The freedom Paul is talking about has a direction to it. It points outward, toward the people around you. Instead of using your freedom to chase whatever feels good in the moment, you use it to love the people God has put in your life. Radically, humbly, in ways that don’t always make sense to the world around you. That’s the calling. Paul is clear that the Holy Spirit is what produces that kind of love in us. It doesn’t come naturally on its own.

There’s a real tension in this for me personally. On one hand, I know what it means to be freed from sin and given new life. On the other hand, I don’t always live like that freedom has anything to do with the people around me. The call to radical love can feel heavy, or honestly, it can feel intimidating. There are people God puts in my path every single day, and too often I hesitate. Not because I don’t care, but because there’s a quiet fear that gets in the way.

That’s the thing though, fear doesn’t belong to someone who has been set free. Paul isn’t describing a timid, heads-down kind of Christianity. He’s describing people who are so secure in what God has done for them that they can turn around and pour that out on others without worrying about what it costs them. The freedom we have in Christ is actually freedom over that fear too.

So this week I want to keep my eyes open. Not in a forced or awkward way, but just paying attention to the people God has already placed around me and actually engaging with them. The opportunities are probably already there. I just need to stop hesitating and start showing up.

Fruit – Galatians 5:16–26

Galatians 5:16 (NIV)
So I say, walk by the Spirit, and you will not gratify the desires of the flesh.

There’s a tension in the Christian life that doesn’t go away. Paul lays it out plainly here. It’s the pull of the flesh versus the leading of the Spirit.

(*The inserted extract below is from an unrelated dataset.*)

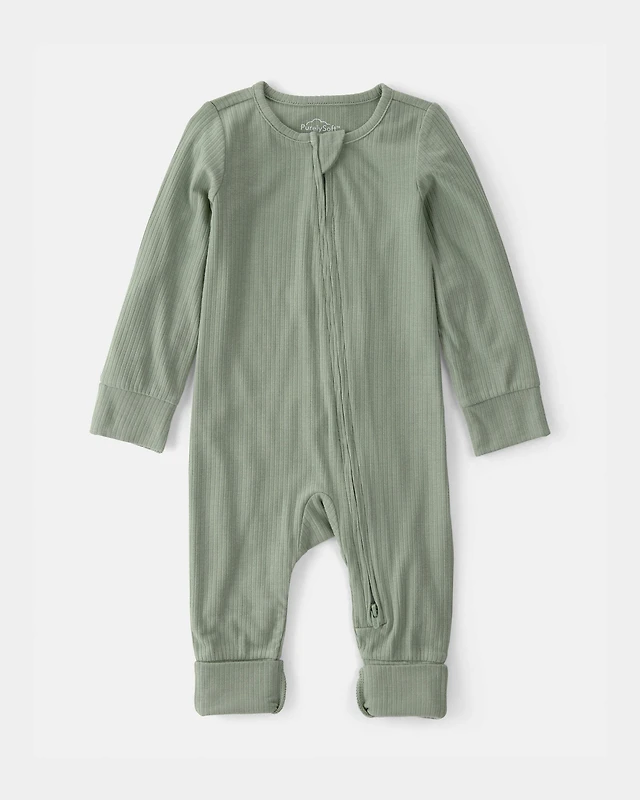 Baby Bear 2-Way Zip Ribbed Sleep & Play Pajamas - Brown
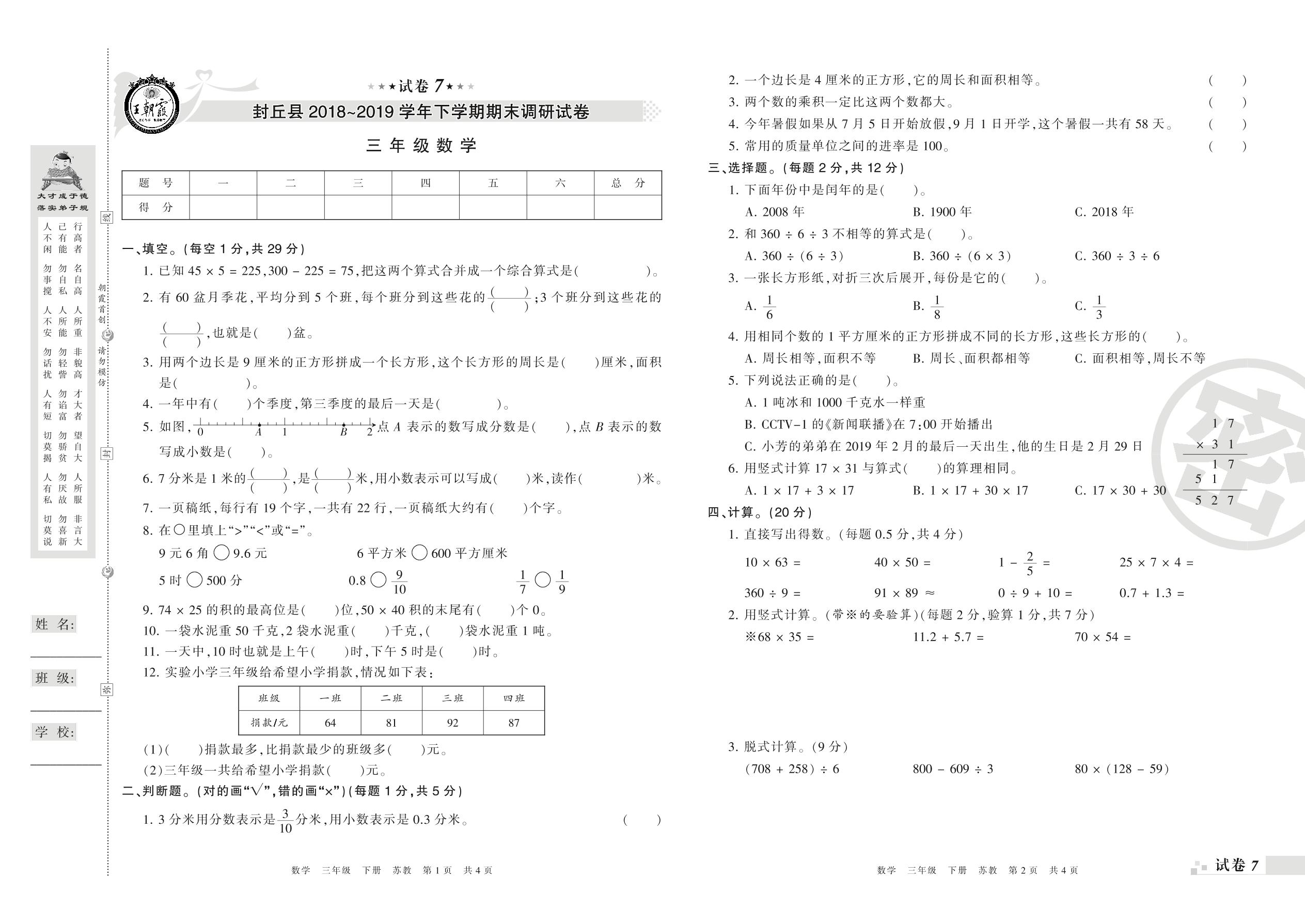 2018-2019学年第二学期新乡市封丘县三年级数学试卷(苏教版)【7】

The contrast is sharp. One produces a list of destructive patterns. The other produces something entirely different—what Paul calls “fruit.” That word matters, because a tree produces the type of fruit that it is supposed to according to its type. A pear tree produces pears, not apples. If we are now God’s, we’ll produce God-type stuff.

And that brings everything back to the opening command: walk by the Spirit. If that’s happening, the outcome follows.

But then Paul raises the stakes. He says those who belong to Christ have “crucified the flesh.” That’s not mild language. It’s not about managing bad habits or trying harder. It’s about a decisive break—treating those old desires as something that no longer has authority.

That’s where this gets practical. It’s easy to say, “I want the fruit of the Spirit in my life.” It’s harder when the moment comes, when impatience, pride, or selfishness shows up and demands to be followed. That’s the exact point where this passage is meant to impact us.

Walking by the Spirit isn’t abstract. It’s a choice, over and over again, to follow His leading instead of defaulting to old instincts. You can’t serve both. One will win in each decision.

So the question today isn’t just what you believe—it’s what you’ll do when that tension shows up. Choose, in that moment, to follow the Spirit—and treat the pull of the flesh as something you no longer obey.